3.1.2 Extended Models: ControlNet

ControlNet Models

  • Prediction Type: Noise Prediction

    • ControlNet Type: hed soft edge

    • Link: CivitAI, Huggingface

    • Preprocessor Type: softedge_hed

  • Prediction Type: Noise Prediction

    • ControlNet Type: anime lineart

    • Link: CivitAI, Huggingface

    • Preprocessor Type: lineart_anime

  • Prediction Type: Noise Prediction

    • ControlNet Type: midas normal map

    • Link: CivitAI, Huggingface

    • Preprocessor Type: normal_midas

  • Prediction Type: Noise Prediction

    • ControlNet Type: midas depth map

    • Link: CivitAI, Huggingface

    • Preprocessor Type: depth_midas

  • Prediction Type: Noise Prediction

    • ControlNet Type: canny contour

    • Link: CivitAI, Huggingface

    • Preprocessor Type: canny

  • Prediction Type: Noise Prediction

    • ControlNet Type: openpose human pose

    • Link: CivitAI, Huggingface

    • Preprocessor Type: openpose

  • Prediction Type: Noise Prediction

    • ControlNet Type: manga line

    • Link: CivitAI, Huggingface

    • Preprocessor Type: manga_line / lineart_anime / lineart_realistic

  • Prediction Type: Noise Prediction

    • ControlNet Type: realistic lineart

    • Link: CivitAI, Huggingface

    • Preprocessor Type: lineart_realistic

  • Prediction Type: Noise Prediction

    • ControlNet Type: midas depth map

    • Link: CivitAI, Huggingface

    • Preprocessor Type: depth_midas

    • Note: New version

  • Prediction Type: Noise Prediction

    • ControlNet Type: hed scribble

    • Link: CivitAI, Huggingface

    • Preprocessor Type: scribble_hed

  • Prediction Type: Noise Prediction

    • ControlNet Type: pidinet scribble

    • Link: CivitAI, Huggingface

    • Preprocessor Type: scribble_pidinet

Note that when using ControlNet, you must match the type of preprocessor you are using with the type of preprocessor required by ControlNet.
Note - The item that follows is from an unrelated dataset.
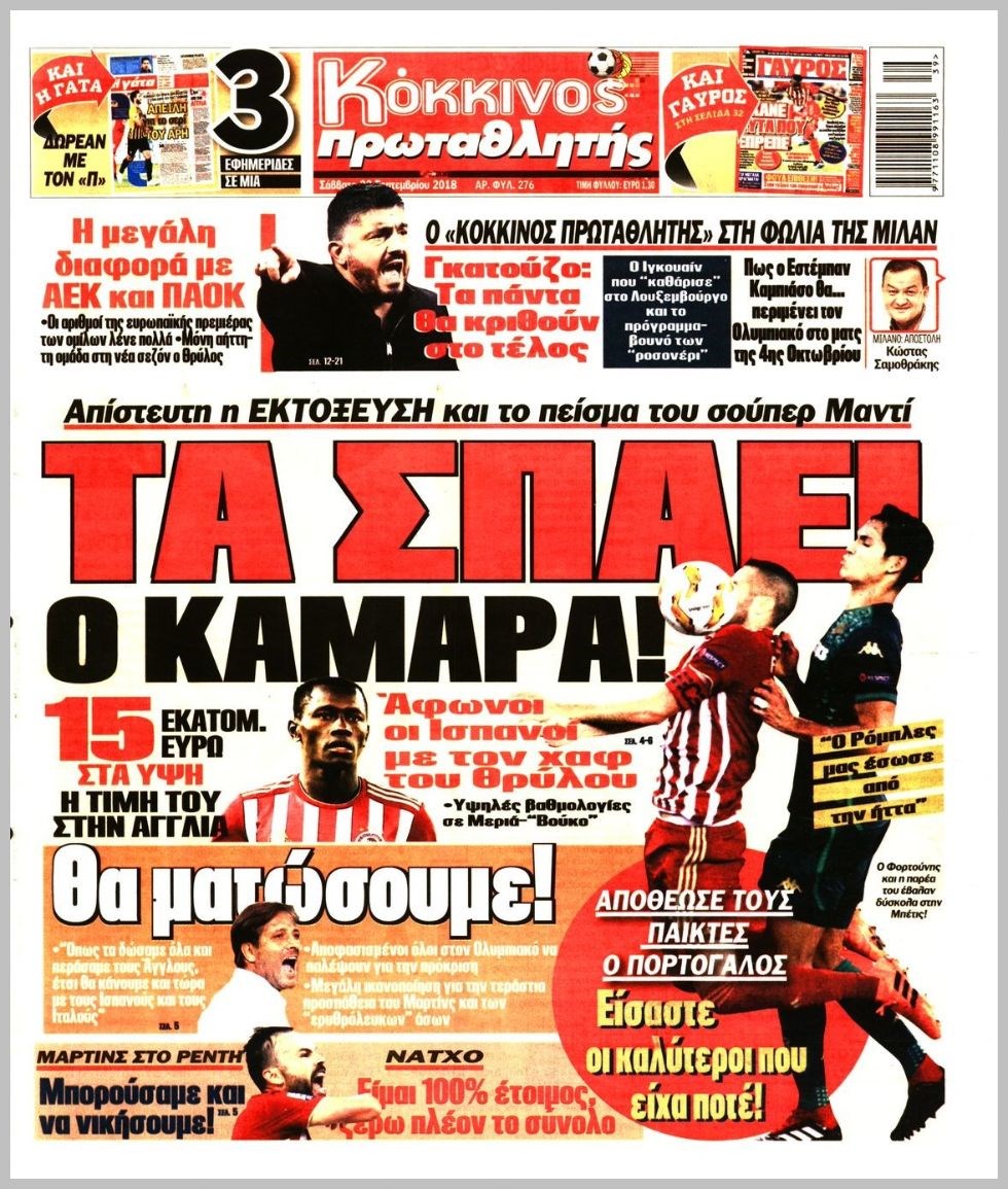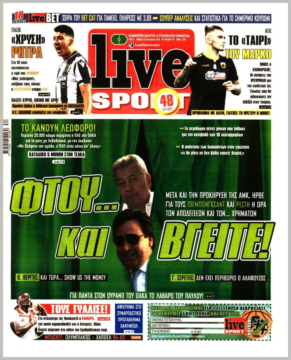 Οι αθλητικές εφημερίδες 22/9/2018 Enikos Newsroom 06:55, Σάββατο 22 Σεπτεμβρίου 2018 Media Διαβάστε τα πρωτοσέλιδα ΑΘΛΗΤΙΚΕΣ ΕΦΗΜΕΡΙΔΕΣ Μοιράσου το: σχολίασε κι εσύ (0 σχόλια) Ακολουθήστε το enikos.gr στο Google News και μάθετε πρώτοι όλες τις ειδήσεις Δείτε όλες τις τελευταίες ειδήσεις από την Ελλάδα και τον Κόσμο στο enikos.gr Ειδήσεις Ροή Ειδήσεων 3 ώρες πριν Χριστούγεννα στα μπλόκα: Επιμένουν στις κινητοποιήσεις τους οι αγρότες – Ανοίγουν τα διόδια το Σαββατοκύριακο 3 ώρες πριν Ουκρανία: Η άνευ προηγουμένου επίθεση σε ρωσικό τάνκερ στη Μεσόγειο και το μήνυμα προς στον Πούτιν – Το «μακρύ χέρι» του Κιέβου 2 ώρες πριν Πούτιν: Τα μηνύματα σε Ευρώπη και ΝΑΤΟ από το μαραθώνιο «σόου» του – Η απαίτηση για «σεβασμό» και η ειρήνη «με τους όρους» της Μόσχας 3 ώρες πριν Τραμπ: Δεν αποκλείει την πιθανότητα ενός πολέμου στη Βενεζουέλα – «Ο Μαδούρο ξέρει καλύτερα από τον καθένα τι ακριβώς θέλω» 4 ώρες πριν Συνεχίζει να προκαλεί ο Μίτσκοσκι: «Για μένα το όνομα Μακεδονία είναι ιερό» 2 ώρες πριν Ανακαλύφθηκαν αρχαία χρυσά νομίσματα 2.200 ετών που απεικονίζουν τον θεό Απόλλωνα – Η άγνωστη σύνδεση με τον Φίλιππο Β΄ της Μακεδονίας 3 ώρες πριν Ύπνος: Μια κρυφή κατάσταση του εγκεφάλου πριν από τον ύπνο μπορεί να είναι το “κλειδί” για υψηλή ευφυΐα και δημιουργικότητα 4 ώρες πριν Αριθμολογία: Οι άνθρωποι που έχουν γεννηθεί αυτές τις 4 ημερομηνίες, συχνά παρεξηγούνται – «Η καλοσύνη τους κρύβει τεράστια δύναμη» 5 ώρες πριν Ξεχάστε το καθάρισμα το Σαββατοκύριακο: Ο «κανόνας των 20 λεπτών» που θα σας λύσει τα χέρια 11 λεπτά πριν Ουκρανία: Ολοκληρώθηκαν οι συνομιλίες με τους Αμερικανούς κι Ευρωπαίους διαπραγματευτές 26 λεπτά πριν Μπαρτσελόνα – Μπασκόνια 134-124: Οι «μπλαουγκράνα» πήραν το ματς της χρονιάς ύστερα από τρεις παρατάσεις 41 λεπτά πριν Φαίη Σκορδά: «Παλιότερα τα κομπλιμέντα τα προσπερνούσα, τώρα τα έχω ανάγκη» 57 λεπτά πριν Βασίλης Σπανούλης: Δεν εμφανίστηκε ούτε ένας δημοσιογράφος στην συνέντευξη Τύπου – «Καλησπέρα στον… κανέναν», δείτε βίντεο 1 ώρα πριν Πόλεμος στην Ουκρανία: Εφτά νεκροί από ρωσική πυραυλική επίθεση στο λιμάνι της Οδησσού ENIKOS NETWORK Το ΕΚΑΒ τιμήθηκε από την Ακαδημία Αθηνών για τα 40 χρόνια προσφοράς του Έχετε πραγματικά μεγάλη καρδιά; 10 χαρακτηριστικά όσων έχουν καλοσύνη Αναστολή μέτρων αναγκαστικής εκτέλεσης για κτηνοτρόφους που πλήττονται από την ευλογιά των αιγοπροβάτων Πλήρης επάρκεια προϊόντων στις λαϊκές της Αττικής, παρά τις αγροτικές κινητοποιήσεις – Τι απαντούν οι πωλητές Χαρτογραφώντας το «σημείο χωρίς επιστροφή»: Για πρώτη φορά αποκαλύπτεται με λεπτομέρεια το ακανθώδες όριο της ατμόσφαιρας τ... Η Google καταργεί τη λειτουργία «dark web report» – Πώς θα μπορούν οι χρήστες να διαγράφουν τα δεδομένα τους περισσότερα 22:42 , Παρασκευή 19 Δεκεμβρίου 2025 Γιώργος Γιαννόπουλος για “Το σόι σου”: “Είναι ευτυχία και ευλογία αυτή η σειρά” «Είναι ευτυχία και ευλογία η συγκυρία αυτής της σειράς», θα πει ο Γιώργος Γιαννόπουλος -ο αγαπ... 20:37 , Παρασκευή 19 Δεκεμβρίου 2025 Don’t Forget The Lyrics: Η Έλλη Κοκκίνου υποδέχεται 4 παίκτες που θα κάνουν τα πάντα για να μη χάσουν ούτε… μισή λέξη από τους στίχους Το «Don’t Forget The Lyrics» επιστρέφει απόψε, Παρασκευή 19 Δεκεμβρίου, στις 21:00 με νέο επει... 19:31 , Παρασκευή 19 Δεκεμβρίου 2025 GNTM: Απόψε ο μεγάλος τελικός για τους 4 φιναλίστ Έπειτα από μήνες γεμάτους μόδα, δημιουργία και έντονες αναμετρήσεις, το GNTM 2025 κορυφώνεται,... 18:11 , Παρασκευή 19 Δεκεμβρίου 2025 Το σόι σου: Ο Άρ

In addition, you may not need to match the prediction type of the base model with the prediction type of ControlNet.

3.1.3 Extended Models: IP-Adapter

IP-Adapter (IPA) has been released on Huggingface and CivitAI.

3.1.4 LoRA Models

Most LoRAs trained on the NoobAI-XL noise prediction version can be used on both noise prediction and V-prediction versions, and vice versa.

3.2 Prompt Guide

First, we need to clarify that the role of prompts is to guide. Good prompts unleash the potential of the model, but bad or even wrong prompts do not necessarily make the results worse. Different models have different optimal prompt usages. The effects of misuse are often not obvious, and in a few cases, they may even be better. This prompt guide records the theoretically optimal prompt writing method for the model, and capable readers can also use their own creativity.

This section will provide a detailed prompt writing guide, including prompt writing specifications, specific usage of character and style trigger words, usage of special tags, and more. Readers interested in prompt engineering can choose to read selectively.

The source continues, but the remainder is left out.